Dradis is an extremely useful tool for keeping track of security projects and issues. In this post, I’ll show you a step-by-step method to get the Community Edition of Dradis up and running on an Ubuntu 18.04 Server so you can keep track of scope, issues, and penetration test plans for your projects.
The first thing we’ll do, of course, is to make sure that our Ubuntu 18.04 server is all up-to-date:
sudo apt update sudo apt upgrade
Next, we’ll install a laundry list of dependencies that we’ll need to have on our system to get Dradis (it’s a Ruby on Rails app) up and running:
curl -sL https://deb.nodesource.com/setup_8.x | sudo -E bash - curl -sS https://dl.yarnpkg.com/debian/pubkey.gpg | sudo apt-key add - echo "deb https://dl.yarnpkg.com/debian/ stable main" | sudo tee /etc/apt/sources.list.d/yarn.list sudo apt update sudo apt install libmariadbclient-dev-compat mariadb-client-10.1 mariadb-server-10.1 git-core curl zlib1g-dev build-essential libssl-dev libreadline-dev libyaml-dev libsqlite3-dev sqlite3 libxml2-dev libxslt1-dev libcurl4-openssl-dev software-properties-common libffi-dev nodejs yarn
Now that all of that installing is done, we’ll be able to get Ruby installed. I like to use rbenv, so that’s what I’ll show you here. Note that at the time of this writing Dradis likes Ruby version 2.4.1, so that’s what we’ll use:
cd git clone https://github.com/rbenv/rbenv.git ~/.rbenv echo 'export PATH="$HOME/.rbenv/bin:$PATH"' >> ~/.bashrc echo 'eval "$(rbenv init -)"' >> ~/.bashrc exec $SHELL git clone https://github.com/rbenv/ruby-build.git ~/.rbenv/plugins/ruby-build echo 'export PATH="$HOME/.rbenv/plugins/ruby-build/bin:$PATH"' >> ~/.bashrc exec $SHELL rbenv install 2.4.1 rbenv global 2.4.1 ruby -v
Finally! We’ve got our environment all set up. Now we can clone the Dradis Git repository and get our installation going:
git clone https://github.com/dradis/dradis-ce.git cd dradis-ce/
Before we actually run the setup, though, let’s make sure we don’t get in trouble with our gem requirements. There’s a wonderful gem called Bundler that is used to manage gem dependencies and installations in Rails apps, and we want to make sure that we have the right version installed. There can be problems trying to run Bundler 2 for gemsets that were originally bundled with Bundler 1 and vice-versa:
cat Gemfile.lock | grep -A 1 "BUNDLED WITH"

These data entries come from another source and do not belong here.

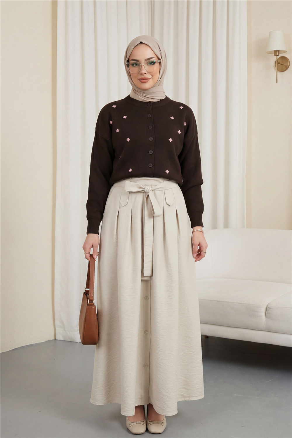 Serpme Çiçek Nakışlı Düğmeli Oversize Triko Hırka, rahat ve romantik bir stil sunar. Serpme çiçek nakışları tasarıma zarif bir dokunuş katarken, oversize kesimi modern ve konforlu bir görünüm sağlar. Düğmeli formu klasik bir duruş sunar. Yumuşak triko dokusu sayesinde günlük kombinlerde kolayca tercih edilir.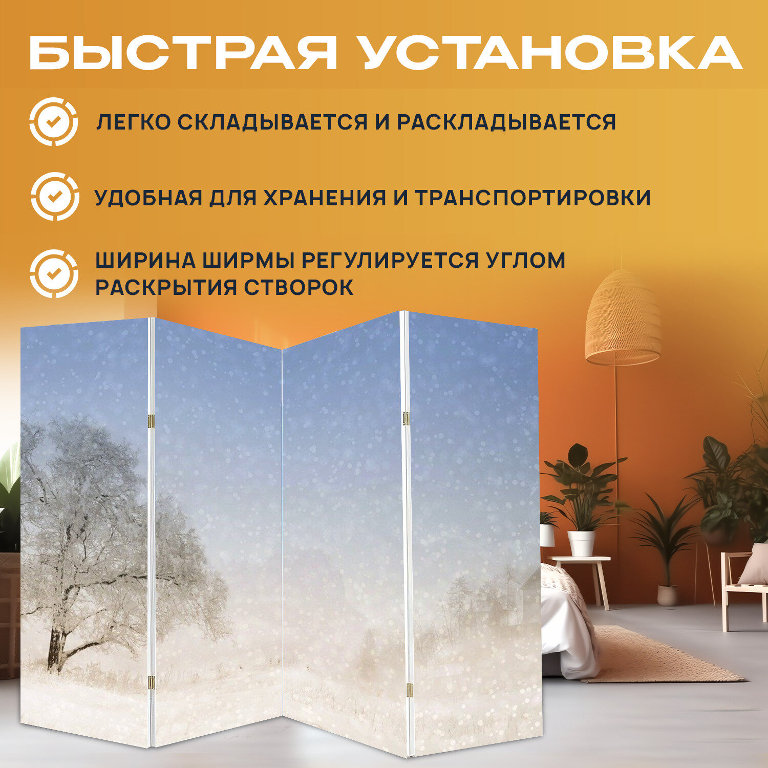 Купить Ширма "Зима, рождество, снег" раскладная перегородка для зонирования с принтом на холсте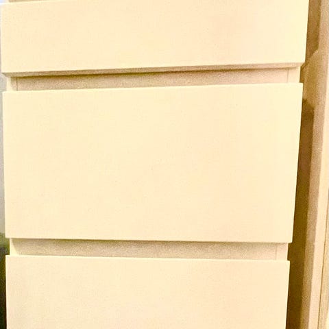 IKEA byrå i vit färg. Byrån har flera lådor för förvaring. Översta delen verkar ha en uppfällbar sektion med spegel och förvaringsutrymme under locket, vilket kan användas till exempel som smyckes- eller sminkförvaring. Passar i sovrum, hall eller andra rum där extra förvaring behövs. Utförande i slät, vit yta med raka linjer.

Now, at the time of this writing, I got the response:
BUNDLED WITH 1.17.3
So I know that I’m dealing with Bundler 1. Let’s go ahead and install that ourselves so we don’t run into trouble later:
gem install bundler -v "~>1.0"
Now that we’ve got that potential problem taken care of we can just run the Dradis setup script:
That will take a little while to run, but once it’s done you can start Dradis with the following command:
bundle exec rails server
Once your app is up and running you’ll see a message that it’s listening on 0.0.0.0:3000. You can just navigate in your favorite web browser to the IP address of your server on port 3000 to kick it off.
My IP is 192.168.187.135, so I’ll navigate to “http://192.168.187.135:3000” and Dradis will direct me to the password setup page to set my password:
Now that I’ve got that page up I can set a password. Dradis Community Edition doesn’t allow for individual accounts or multiple projects, so there will be a shared password for all users of this instance. Set that, and then you’ll be directed to the login page. Anyone who uses this will just pick a username so their work can be identified and use the shared password.
I’ll go ahead and log in as “Jason”, again using the shared password I set up earlier, and then I’m in!